◆ INPUT DATA ◆

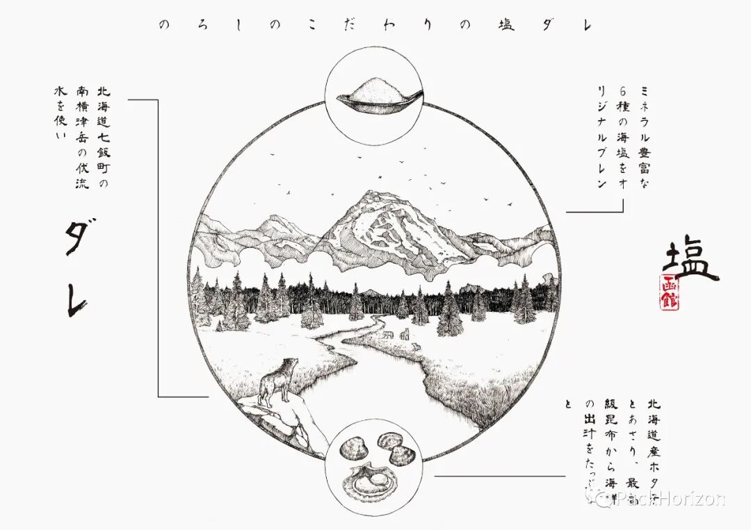 Noroshi 是一家日本拉面餐厅,自 2014 年以来一直供应来自北海道函馆的当地面条菜肴。函馆以其丰富的水产而闻名。Noroshi 希望把当地的风味带到东京,我们根据这一想法创造了一系列设计,以体现每种材料材的特性和来源。日语字符のろし(Noroshi)表示烟雾信号。
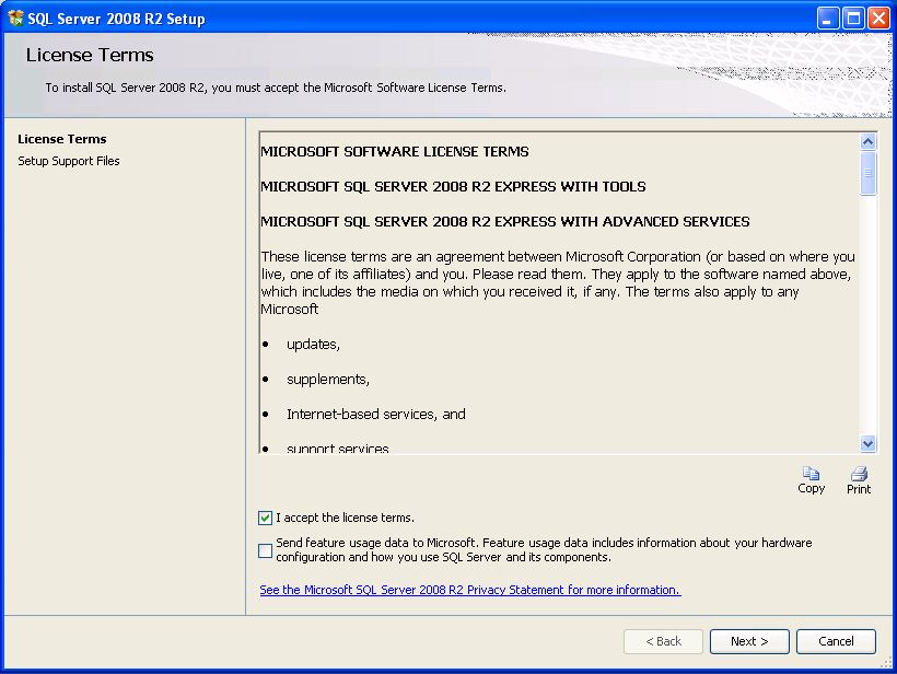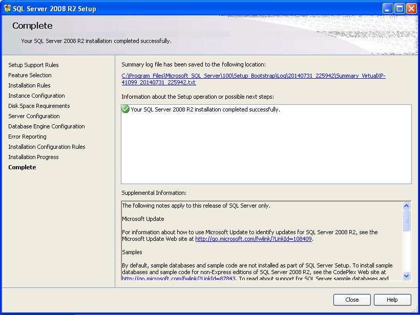 - Spustí sa proces inštalácie, o jeho úspešnom nainštalovaní budete informovaný hlásením "Your SQL Server 2008 R2 installation completed succesfully."
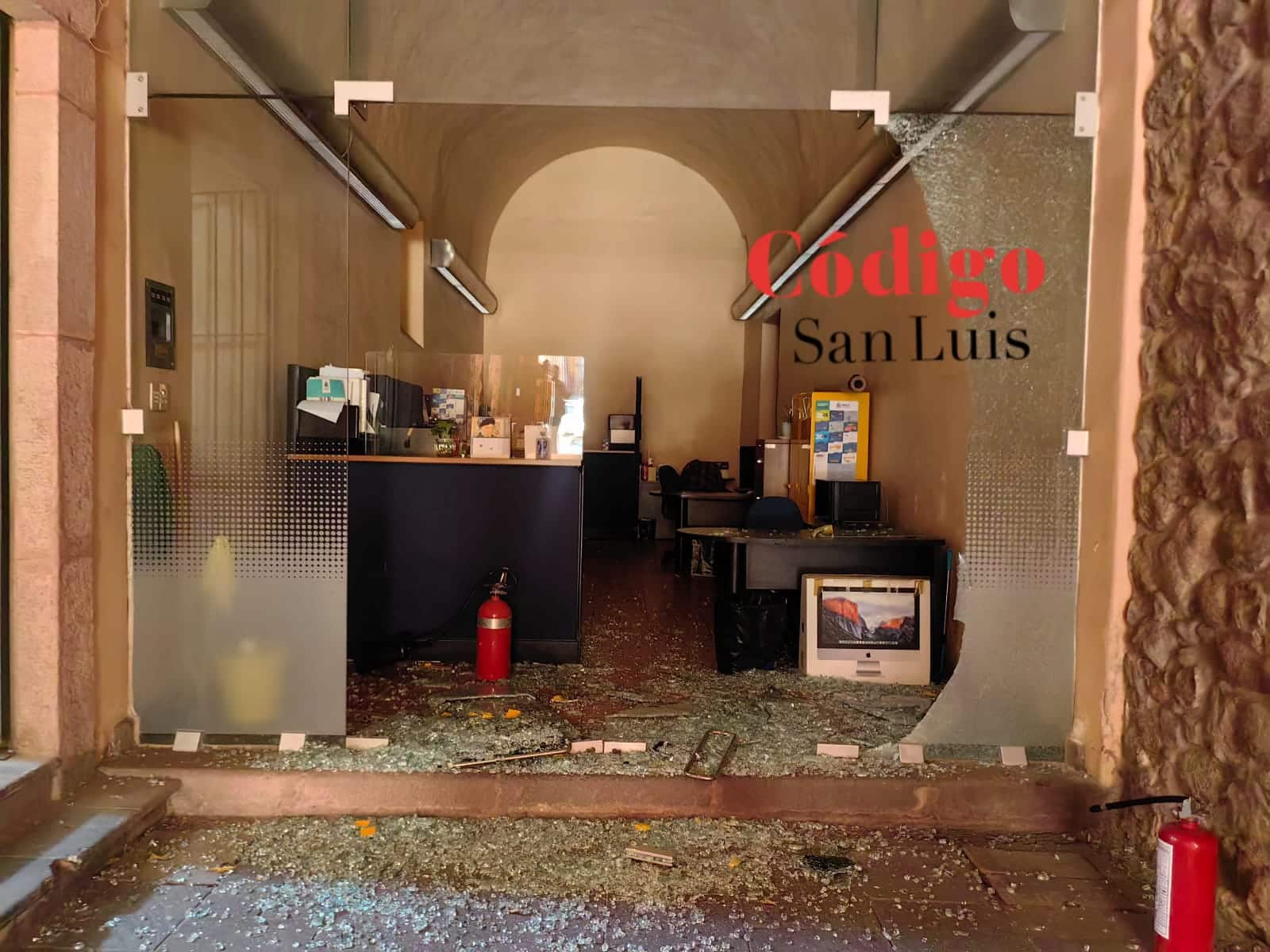 Al ingresar nuevamente al recinto, las cámaras de Código San Luis atestiguaron las paredes grafiteadas, los cristales rotos y las huellas de la violencia, aunque momentánea, a gran escala en el edificio central de la UASLP.

◆ YOUR GOAL ◆
Reprint the data verbatim, pictures excluded.

◆ THE COMPLETED TASK ◆
 Noroshi 是一家日本拉面餐厅,自 2014 年以来一直供应来自北海道函馆的当地面条菜肴。函馆以其丰富的水产而闻名。Noroshi 希望把当地的风味带到东京,我们根据这一想法创造了一系列设计,以体现每种材料材的特性和来源。日语字符のろし(Noroshi)表示烟雾信号。
 - Spustí sa proces inštalácie, o jeho úspešnom nainštalovaní budete informovaný hlásením "Your SQL Server 2008 R2 installation completed succesfully."
 Al ingresar nuevamente al recinto, las cámaras de Código San Luis atestiguaron las paredes grafiteadas, los cristales rotos y las huellas de la violencia, aunque momentánea, a gran escala en el edificio central de la UASLP.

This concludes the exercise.